One of the more interesting recent Tesla Model 3 competitors is the Polestar 2, made in China by Geely as Volvo’s electric sibling marque. We’ve already gotten a look at the handsome beefy-sedan design of the Polestar 2 and generally know its specs, but now, finally, we’ve been shown that it has fun, animated taillights. This is important taillight news.
UK-based auto journo Steve Fowler seems to have gotten his hands on a Polestar 2, and tweeted out this little video of the animated dance the taillights do, presumably when the car is remotely locked or unlocked:
The illuminated dance begins with the amber indicator lights flashing from their clear-lensed niches nestled inside the square-bracket-shaped taillight ends, and then the whole distilled-to-the-essence bull horn shape is illuminated red, beginning in the middle and spreading out in both directions simultaneously.
Once fully illuminated, the indicators flash again, and the red depletes from the lamps, working backwards from the edges to the center.
If modern taillights are going to be composed of matrices of individual LEDs, why wouldn’t a carmaker seek to add a bit of animated fun like this?

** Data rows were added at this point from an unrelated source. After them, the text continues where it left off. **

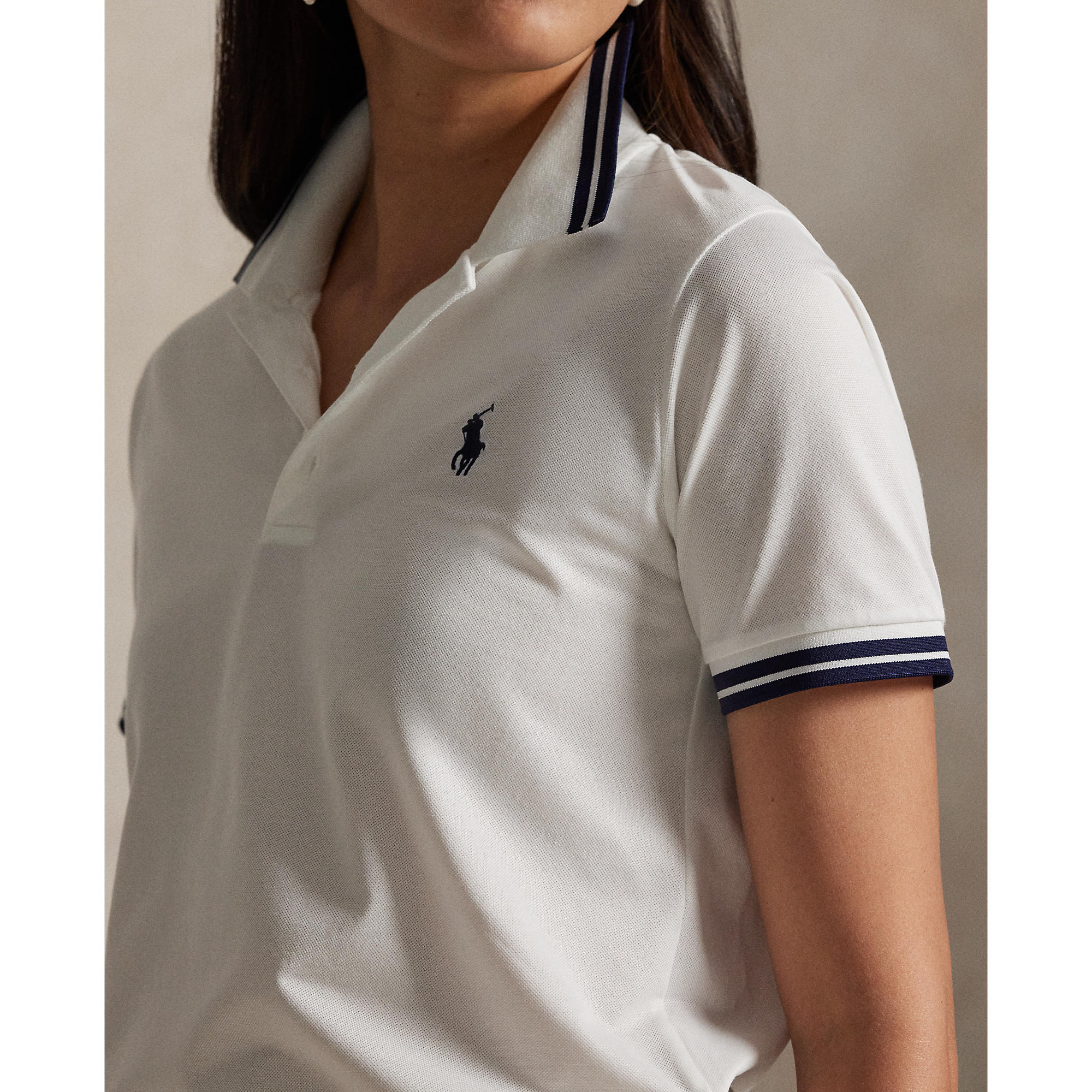 RLX Ralph Lauren Women's Tour Pique Golf Shirt - Ceramic White/Refined Navy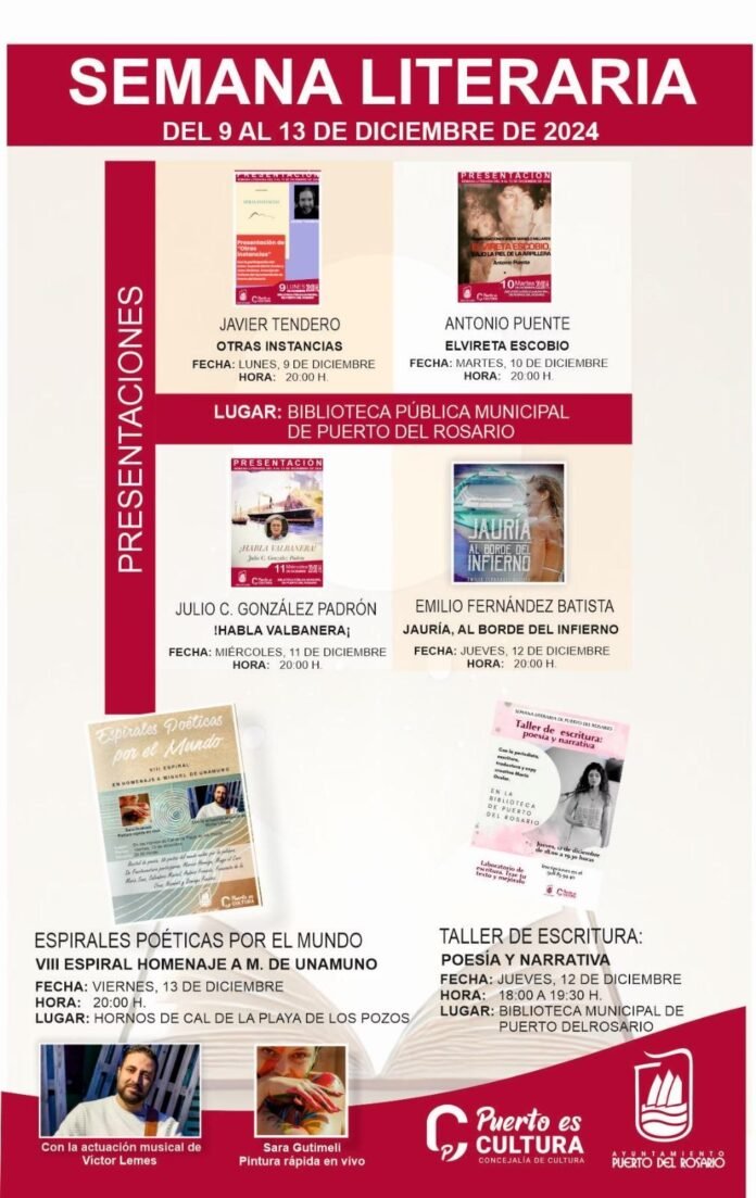 La Semana Literaria de Puerto del Rosario, organizada por el Ayuntamiento de Puerto del Rosario a través de la Concejalía de Cultura, llenará de letras y creatividad la ciudad del 9 al 13 de diciembre. Este evento cultural contará con presentaciones de libros, talleres de escritura, cuentacuentos y recitales, culminando con el esperado acto de clausura, la VIII ‘Espirales Poéticas por el Mundo’, en homenaje a Miguel de Unamuno.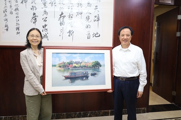 在沈國甫董事長的陪同下,徐穎云書記一行參觀了公司的展廳。沈事長向大家介紹了公司的發(fā)展歷程、產(chǎn)業(yè)結(jié)構(gòu)和黨建情況。沈董事長表示,作為經(jīng)濟管理學(xué)院1990級企業(yè)管理校友,自己與母校情誼深厚,離開學(xué)校之后和母校有許多的項目合作,并希望能夠與母校建立起更多的聯(lián)系與合作,共同推動校企雙方的高質(zhì)量發(fā)展。

I’m very pro-animated taillights, whether its sequential turn signals or displays like this. It’s just fun, and it’s a hell of a lot easier than it was back in the day when Thunderbirds had complicated and clever electromechanical setups to get effects like this:
Ford was a real pioneer here, using an actual motor that had a set of three cams per side that physically made contact to close switches to send the 12V of electricity to the inboard, center, and outboard lamps in order. It was kind of like a complicated little music box.
See? It’s always been fun. Glad to see some carmakers still remember that. I’m sure there’s plenty more to be seen on the Polestar 2, but for now I’m glad to see the importance of compelling taillights hasn’t been ignored.